┏━━

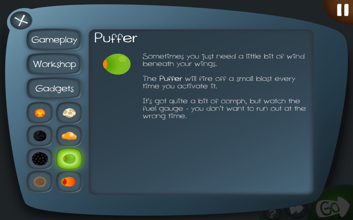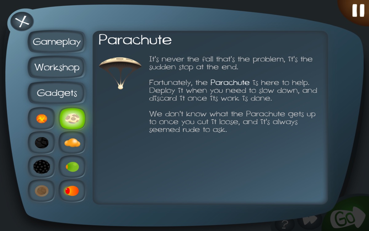 Certains des éléments qui vous sont proposés comme le réacteur, le parachute, les ballons, etc ont besoin que vous les activez pour fonctionner. Par exemple, pour le parachute, vous appuyez sur un bouton pour l’ouvrir et à nouveau pour vous en séparer, etc.
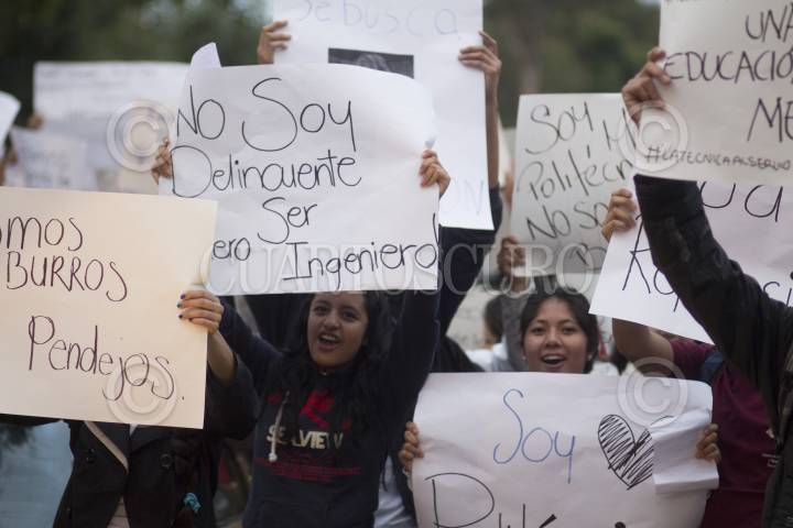 MÉXICO, D.F., 25SEPTIEMBRE2014.- Alumnos de diversos planteles de los Centros de Estudios Científicos y Tecnológicos (CECYT) y plantes de nivel superior realizaron una mega marcha en diversos contingentes que partieron de distintos puntos de la capital hacia las instalaciones del IPN ubicadas en Zacatenco, los estudiantes exigieron la revocación del nuevo plan de estudios del Instituto Politécnico Nacional. FOTO: SAÚL LÓPEZ /CUARTOSCURO.COM
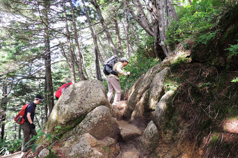 ギザギザ花崗岩の岩ゴロ道

┗━━

[WORK INSTRUCTIONS]: Return all of the lines above without alteration, minus the pictures.

[ANSWER TO THIS PROBLEM]:
 Certains des éléments qui vous sont proposés comme le réacteur, le parachute, les ballons, etc ont besoin que vous les activez pour fonctionner. Par exemple, pour le parachute, vous appuyez sur un bouton pour l’ouvrir et à nouveau pour vous en séparer, etc.
 MÉXICO, D.F., 25SEPTIEMBRE2014.- Alumnos de diversos planteles de los Centros de Estudios Científicos y Tecnológicos (CECYT) y plantes de nivel superior realizaron una mega marcha en diversos contingentes que partieron de distintos puntos de la capital hacia las instalaciones del IPN ubicadas en Zacatenco, los estudiantes exigieron la revocación del nuevo plan de estudios del Instituto Politécnico Nacional. FOTO: SAÚL LÓPEZ /CUARTOSCURO.COM
 ギザギザ花崗岩の岩ゴロ道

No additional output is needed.